Sister Marysia Weber is a Religious Sister of Mercy of Alma, Michigan. She is a physician, certified by the American Board of Psychiatry and Neurology. She completed her residency and fellowship at the Mayo Clinic in Rochester, Minnesota. She has a Master’s degree in Theology from Notre Dame, South Bend, Indiana. She currently serves as vice president of mission and ministry for Saint Francis Health System in Tulsa, Oklahoma. She also serves as chair of the board of directors of MyCatholicDoctor and as part of the Seminary Formation Council forming seminary formators.

Abstract

Is the increasing number of hours that children are spending using smartphones having any effects on their brains and psychosocial well-being? Research is telling us that the answer to this question is a resounding yes! This presentation will address how excessive use of digital devices is impacting psychosocial maturation and is altering brain development in ways similar to the alterations noted in substance use disorders. Practical means of addressing these detrimental effects will also be highlighted.
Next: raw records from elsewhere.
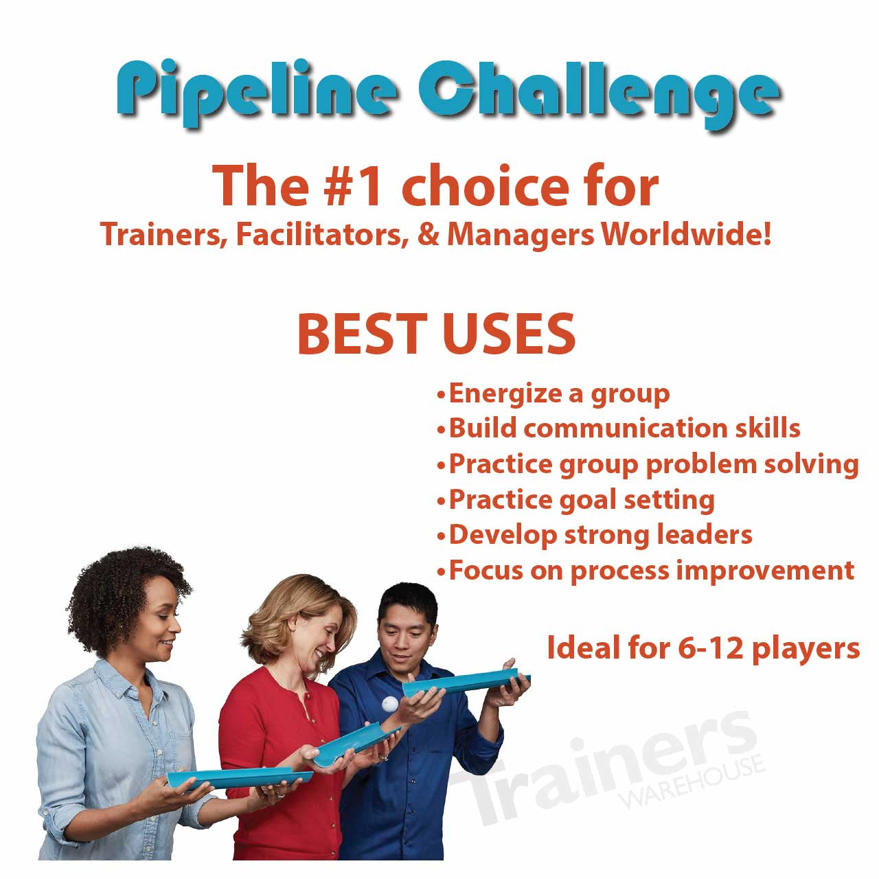 Unit price perEnergize your group with your very own Pipeline Game. Give each participant one short length of half pipe and challenge the group to deliver a ball down the pipes from the starting point to the finish line. A successful pipeline team building activity requires participating groups to exercise excellent communication, creativity and teamwork.
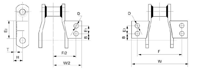 B(mm)D(mm)E1(mm)E2(mm)F(mm)H(mm)W(mm)T(mm)
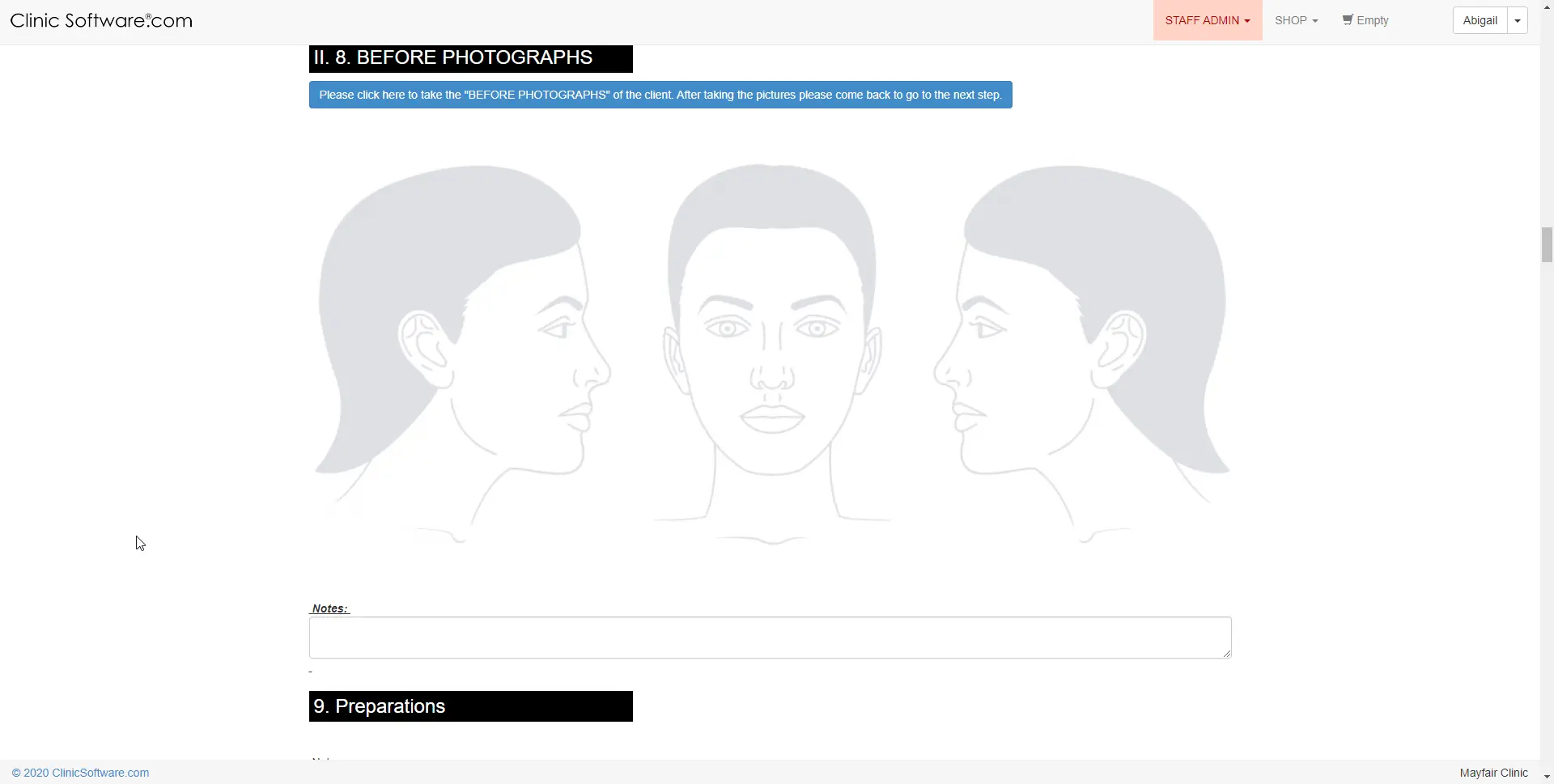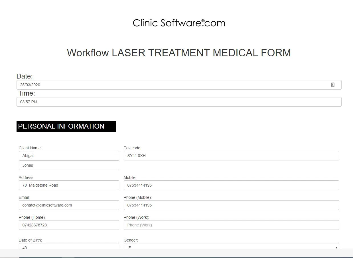 The workflow will open and you will see all the personal information of your client.You can type notes from the client consultation.

Kevin Powell, MD, PhD, FAAP

How Social Media Affects Children

 

Kevin Powell, M.D. Ph.D. FAAP, is a retired pediatrician who specialized in the care of hospitalized children. Prior to medical school he worked as a chemical engineer in industry and academia, earning a Ph.D. in Medical Engineering from a joint program of Harvard Medical School and the Massachusetts Institute of Technology. Alongside clinical care, for 18 years he served on or chaired hospital ethics committees and was a clinical ethics consultant. His last academic position was on faculty at Saint Louis University and Cardinal Glennon Children’s Hospital. He is Lutheran.

Abstract

Technology changes communication and social lifestyles. This has been true since the invention of the printing press and the telephone. Technological progress will have both positive and negative effects on society. It is not enough to measure harms and act like outraged Luddites. Ethical societies measure and balance the positive impacts. It is not enough to weigh pros and cons. Communities should regulate technology so that positives are appropriately rewarded, negatives are mitigated, and just remediation is provided for economic externalities that generate profit for some while harming other people, society, and the environment. Laws are not enough. Moral formation needs to be updated and augmented to enable beneficial development and adoption of technology. Children, who have never known anything different, are the most strongly impacted by the harms, the least able to resist trends, and the most in need of the moral formation.